(Stored items from a collection)
Start of Block

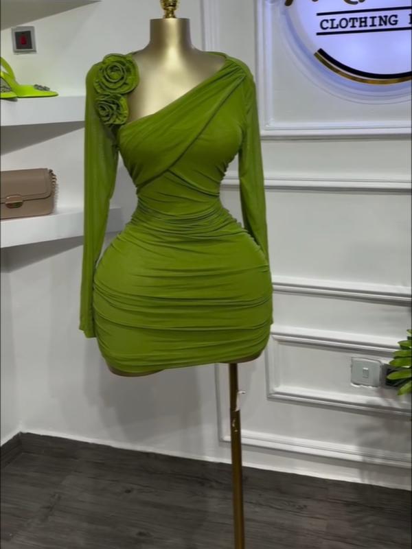 Women's Long Sleeve Floral Aqqlique Bodycon Midi Stacked Ruched Dress, Asymmetrical Neckline Party Birthday Dresses, Holiday Vacation Clothes for woman, Back To School, Education Cocktail Prom Dresses, Elastic Mini Dress, Green Dress, Red Dresses
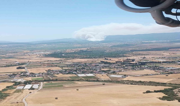 Yangın, saat 13.00 sıralarında sıralarında ilçeye bağlı Karacadağ mevkiinde bulunan ormanlık alanda çıktı. Henüz bilinmeyen bir sebeple başlayan yangına İzmir Orman Bölge Müdürlüğü ekipleri; 4 uçak, 8 helikopter, 25 arazöz, 6 su ikmal ve 4 dozer aracı ile müdahale ediyor. Ekipler yangını kontrol altına alma çalışmalarını sürdürüyor.
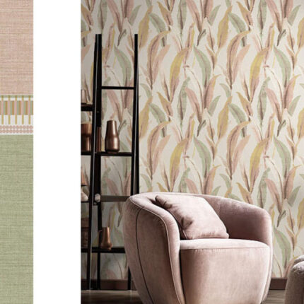 Arche’ – Carta da parato floreale con foglie su trama effetto tessuto
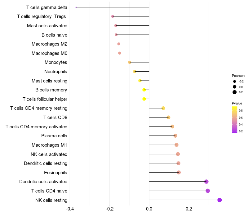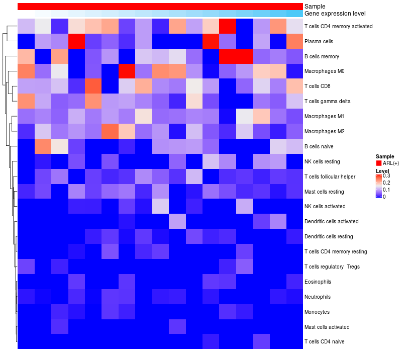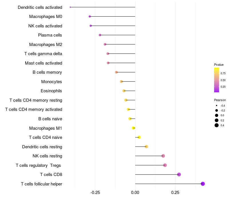 Relationship between gene expression and immune infiltrating cell level
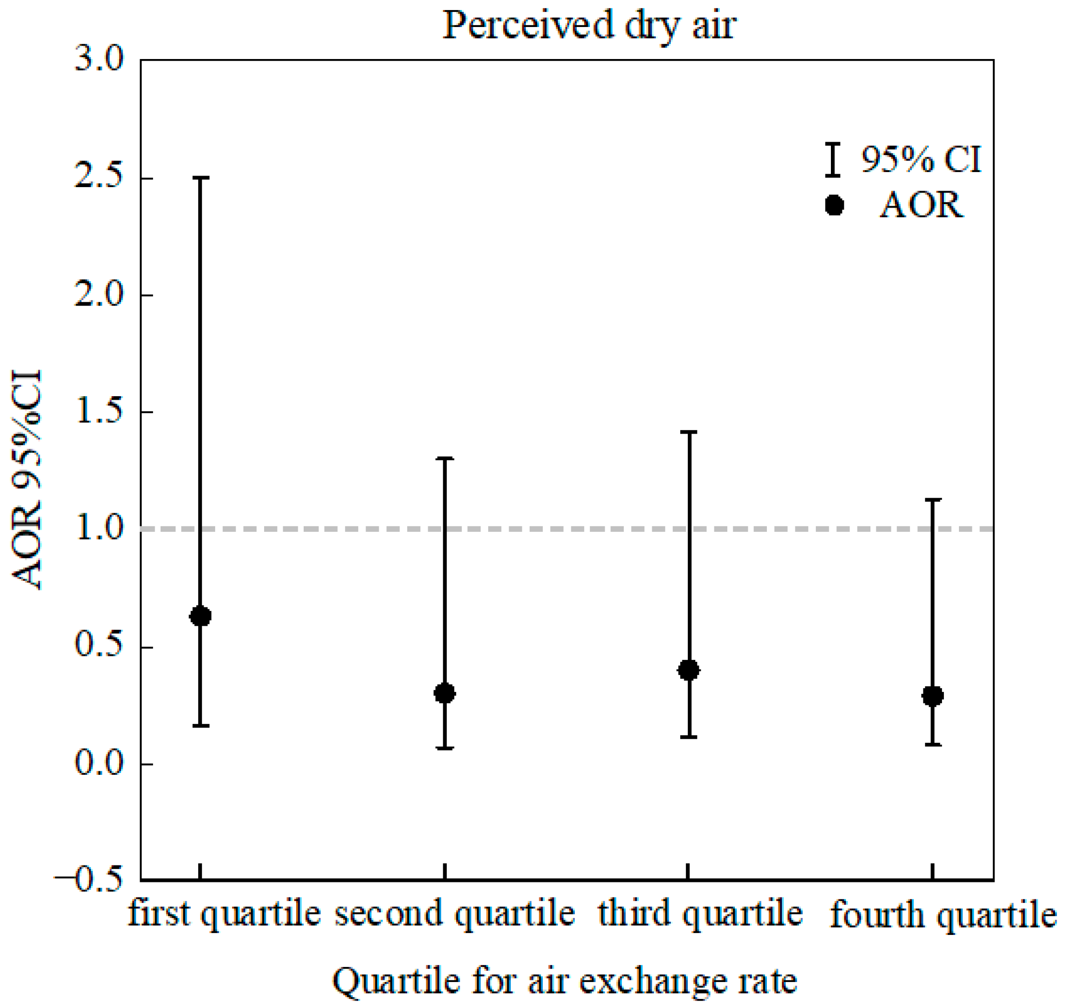 Table 4. With an increase in indoor air humidity and the air exchange rate, the prevalence of perceived dry air decreased. The associations between physical parameters and perceived dry air are shown in
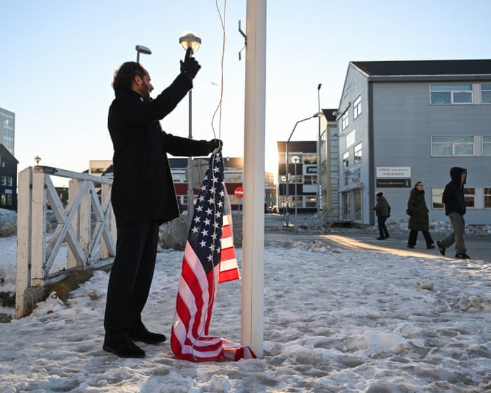 Maxi Schafroth, 41, a Bavarian comic, tried to run up the Stars and Stripes on a flagpole near the cultural centre in Nuuk but was confronted by angry passersby.
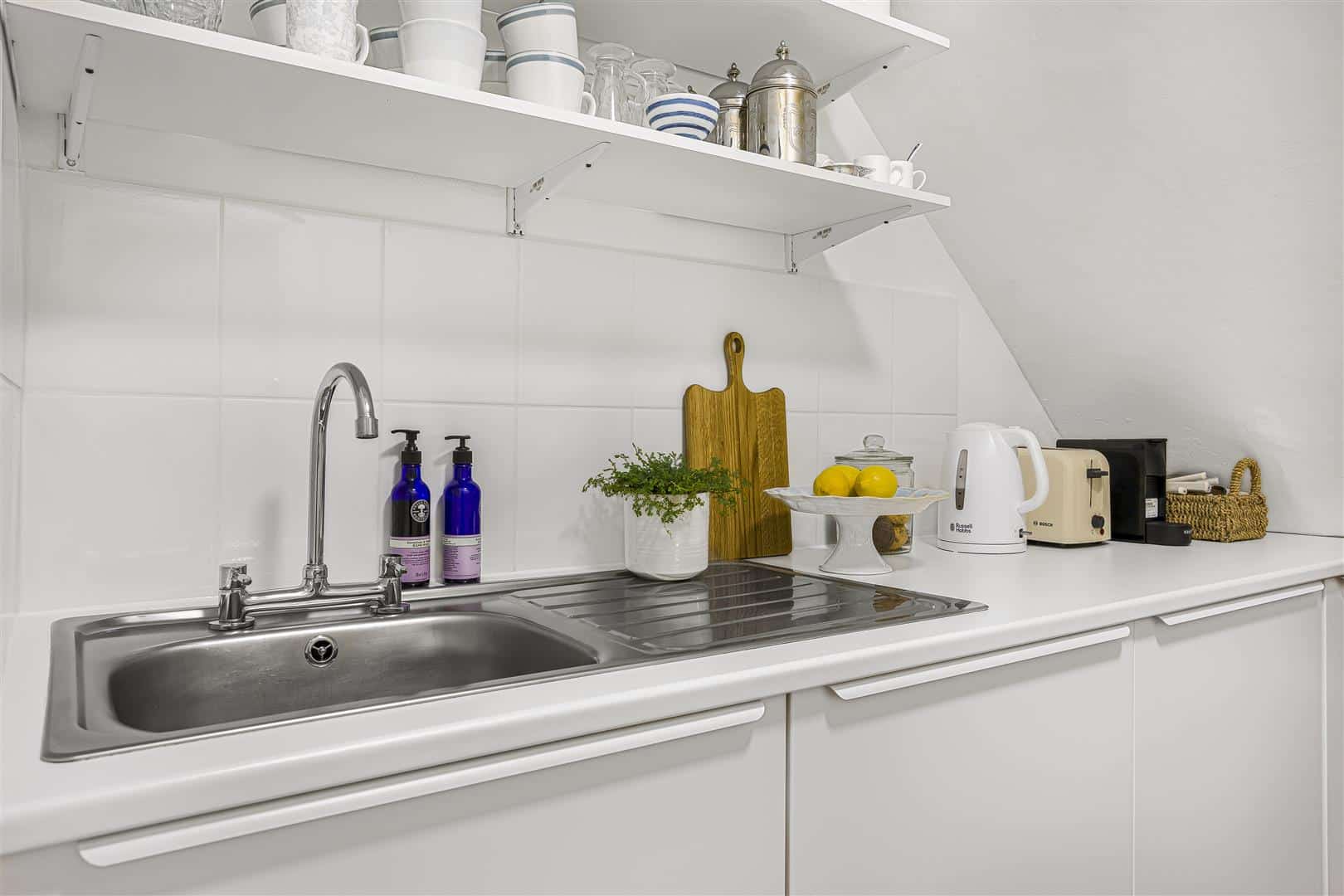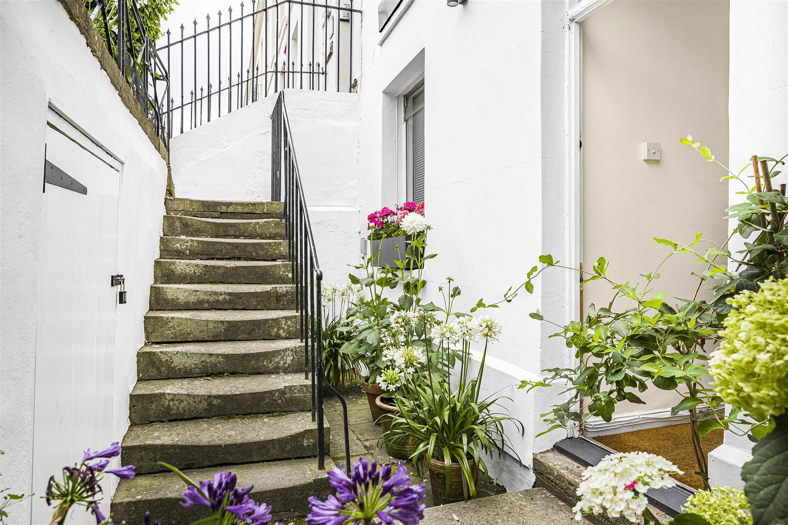 The exterior of Grove House is equally appealing. To the front, a private driveway provides off-street parking for several cars, a rare advantage in such a central location. To the rear, the courtyard garden offers a little haven of calm, accessed directly from the lower ground floor. Designed for low maintenance living, this private space is perfectly suited for quiet moments outdoors or for entertaining in the warmer months.
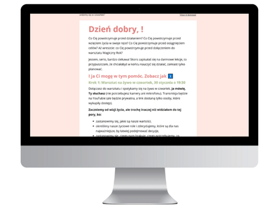 - stworzę treści sprzedażowe, które nie będą krzyczeć „kup, bo fajne!” – zamiast tego opowiem historię, podzielę się Twoją wiedzą i doświadczeniem, a odbiorcy klikną „kup teraz”, bo poczują, że to produkt/usługa dla nich.

End of Block

Exact reproduction of the entries above is required, with pictures excluded.

### TASK RESULT
 Women's Long Sleeve Floral Aqqlique Bodycon Midi Stacked Ruched Dress, Asymmetrical Neckline Party Birthday Dresses, Holiday Vacation Clothes for woman, Back To School, Education Cocktail Prom Dresses, Elastic Mini Dress, Green Dress, Red Dresses
 Yangın, saat 13.00 sıralarında sıralarında ilçeye bağlı Karacadağ mevkiinde bulunan ormanlık alanda çıktı. Henüz bilinmeyen bir sebeple başlayan yangına İzmir Orman Bölge Müdürlüğü ekipleri; 4 uçak, 8 helikopter, 25 arazöz, 6 su ikmal ve 4 dozer aracı ile müdahale ediyor. Ekipler yangını kontrol altına alma çalışmalarını sürdürüyor.
 Arche’ – Carta da parato floreale con foglie su trama effetto tessuto
 Relationship between gene expression and immune infiltrating cell level
 Table 4. With an increase in indoor air humidity and the air exchange rate, the prevalence of perceived dry air decreased. The associations between physical parameters and perceived dry air are shown in
 Maxi Schafroth, 41, a Bavarian comic, tried to run up the Stars and Stripes on a flagpole near the cultural centre in Nuuk but was confronted by angry passersby.
 The exterior of Grove House is equally appealing. To the front, a private driveway provides off-street parking for several cars, a rare advantage in such a central location. To the rear, the courtyard garden offers a little haven of calm, accessed directly from the lower ground floor. Designed for low maintenance living, this private space is perfectly suited for quiet moments outdoors or for entertaining in the warmer months.
 - stworzę treści sprzedażowe, które nie będą krzyczeć „kup, bo fajne!” – zamiast tego opowiem historię, podzielę się Twoją wiedzą i doświadczeniem, a odbiorcy klikną „kup teraz”, bo poczują, że to produkt/usługa dla nich.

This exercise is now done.